I'm trying to solve
$\frac{d^2y}{dt^2}+\frac{2dy}{dt}+10y=0$
Initial values $t=0$, $y=1$, $\frac{dy}{dt}=0$, $h=\frac{1}{1000}$.
Problem: Find $y$ when $t=1$ using the Heun Method to approximate it.
First I try to calculate it exactly using math, then compare it to the python program I made. The results were different so I am not sure where I got lost.
This is how I did it using math.
Let $\frac{dy}{dt}=z$.
Then I get two equations
$\frac{dy}{dt}=z=f_1(t,y,z),y(0)=1$
$\frac{dz}{dt}=-2z-10y=f_2(t,y,z),z(0)=0$
Since $1y''+2y'+10y=0$ doesn't have real roots, I get this form
$y=e^{-t}(c_1cos(3t)+c_2sin(3t))$
From that I get two equations
$y=e^{-t}(c_1cos(3t)+c_2sin(3t))$
$\frac{dy}{dt}=-e^{-t}((c_2+3c_1)sin(3t)+(c_1-3c_2)cos(3t))$
If I sub in $y=1, t=0$ and $\frac{dy}{dt}=0$, I get $c_1=1, c_2=\frac{1}{3}$
Then if I solve for $y$ with $t=1$, $c_1=1, c_2=\frac{1}{3}$, I get ~$0.37$.
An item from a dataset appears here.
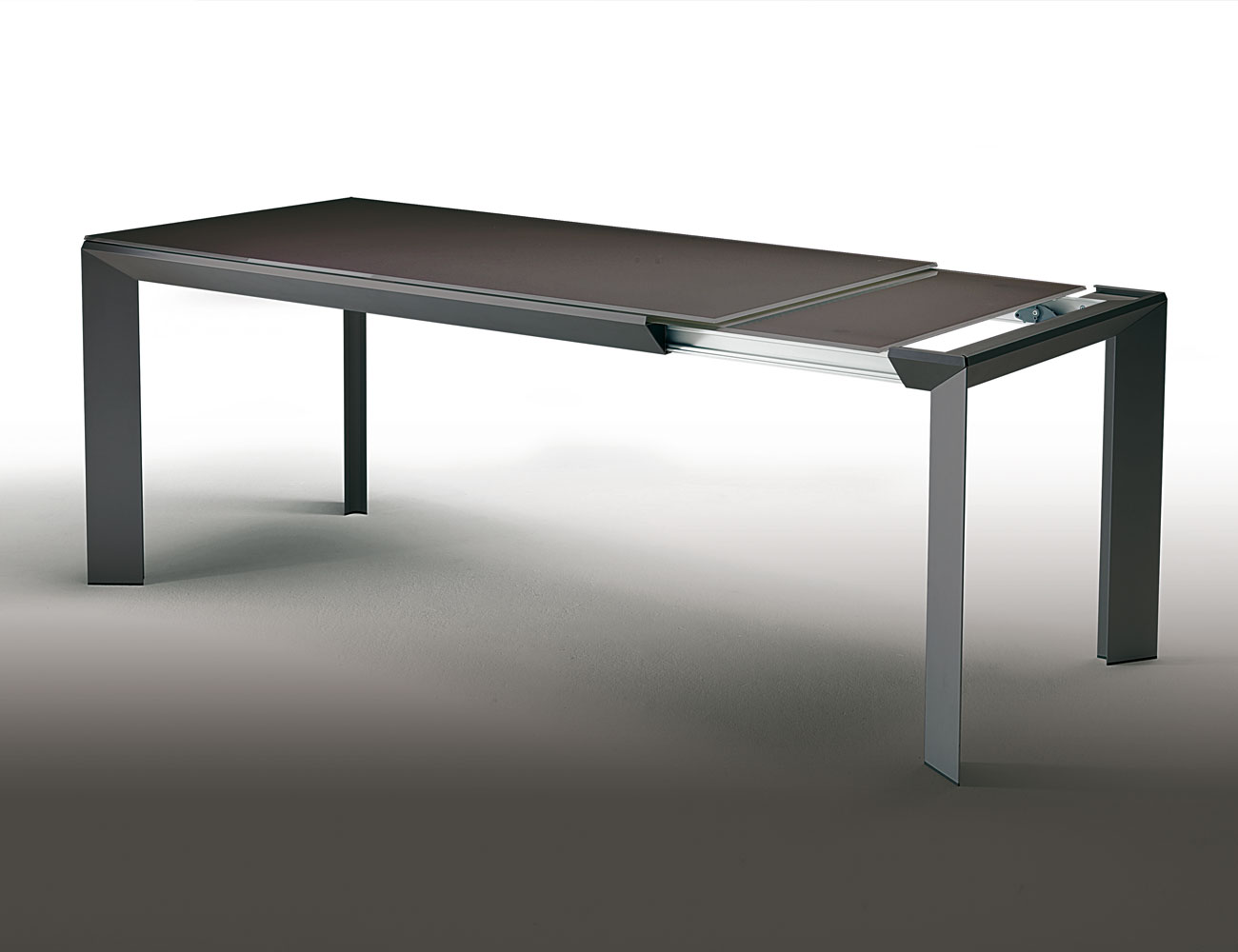 The Eclipse, manufactured by Ozzio Design, is an extendable dining table with metal central column, glass top and painted melamine extension. At first glance, it is a simple, albeit good looking, round table suitable for two. It is when the two halves reveal a central extension that the true functionality of the Eclipse can be appreciated. The table transforms into a sleek oval table capable of seating at least four people for dinner. The unique table is available in white and black colors. The Metro is another extendable table in rectangular shape. The extension makes it easy to accommodate up to ten people.
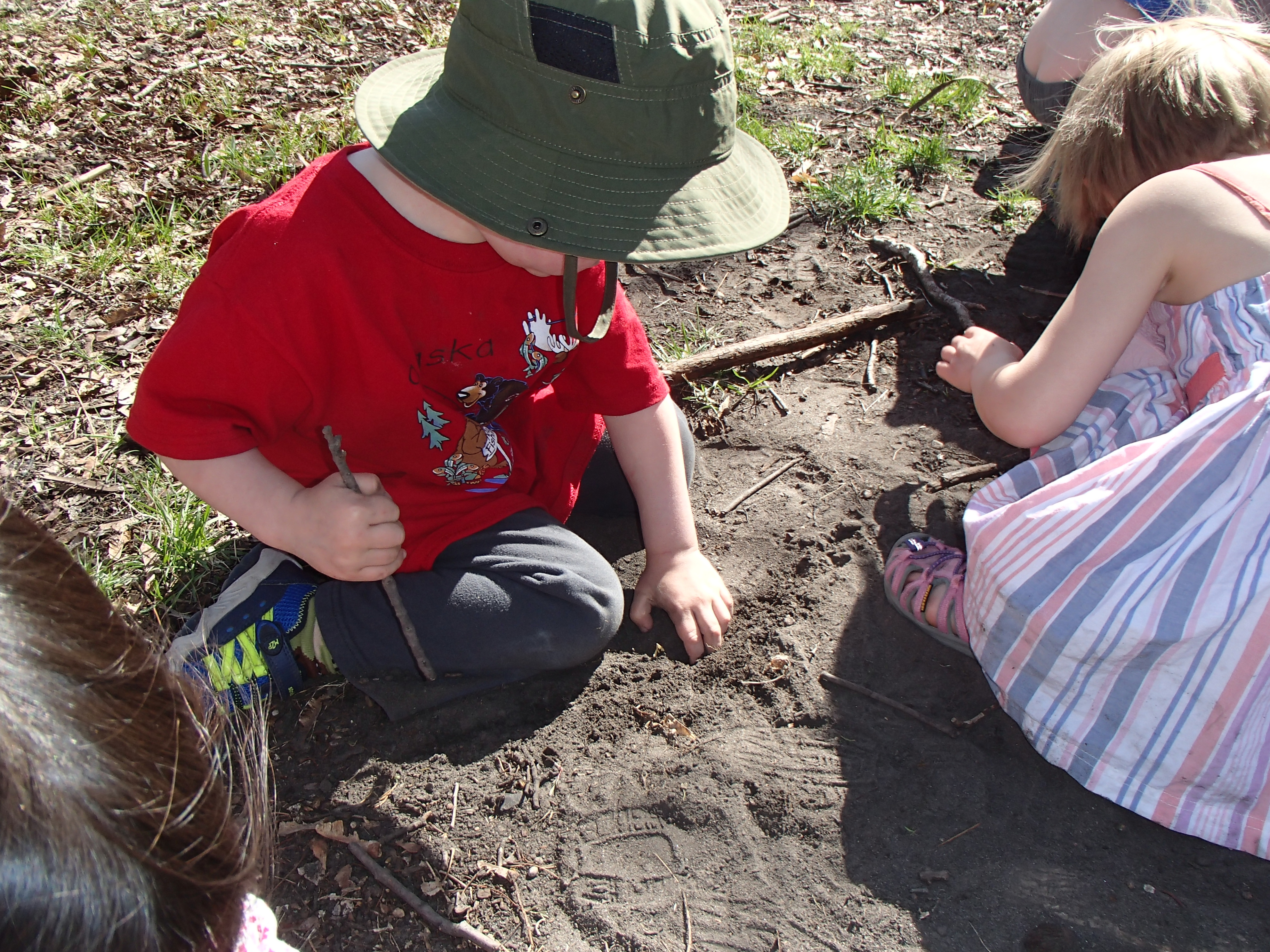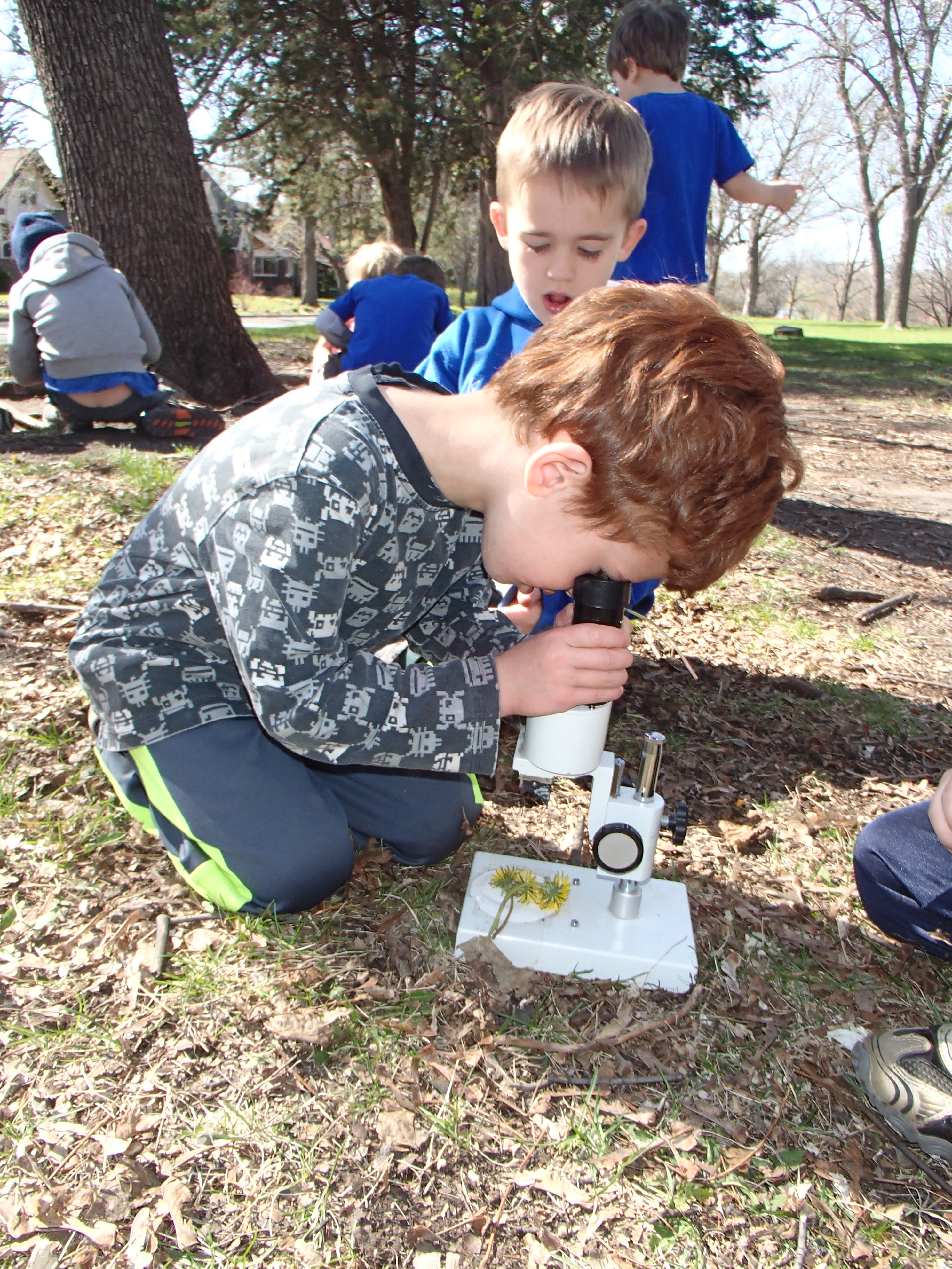 If children are going to be scientist, they also need tools. Tools can help children see things they can’t see otherwise. Magnifying glasses are often provided, but I have found that they don’t provide much that a child can’t see by looking closer. On the other hand, a portable stereo microscope is fairly inexpensive and can be brought outside. Unlike compound microscopes, which require specimens to be mounted on slides, stereo microscopes allow the specimen to be simply placed under the lens. Worms and insects can crawl under. Pine cones, leaves, or any object under four inches in width can fit and the lenses can be focused on different parts of the object. Children can often see patterns on wings and leaves invisible to the naked eye. For younger children who may have a hard time looking into the microscope, you can hold a camera to one of the eyepieces and children can look at the camera’s screen.

In my python program, I have:
def f1(t,y,z):
return z
def f2(t,y,z):
return -2*z - 10*y
t=0
y=1
z=0
h=1/1000.
while t<1:
k1y=f1(t,y,z)
k1z=f2(t,y,z)
k2y=f1(t+h,y+h*k1y,z+h*k1z)
k2z=f2(t+h,y+h*k1y,z+h*k1z)
t+=h
y+=h*0.5*(k1y+k2y)
z+=h*0.5*(k1z+k2z)
print y
And it prints $-0.346891856552$
I would expect them to be pretty much the same number. Does anyone know whats wrong?
Thanks
When you converted the 2nd order ODE into the equivalent 1st order system of two ODE's, you put a typo in the second equation. Where you wrote $\frac{dz}{dt}=-2z-y=f_2(t,y,z),z(0)=0$, you should actually have $\frac{dz}{dt}=-2z-\color{#ff0000}{10}y=f_2(t,y,z),z(0)=0$. You made the same omission in your python code.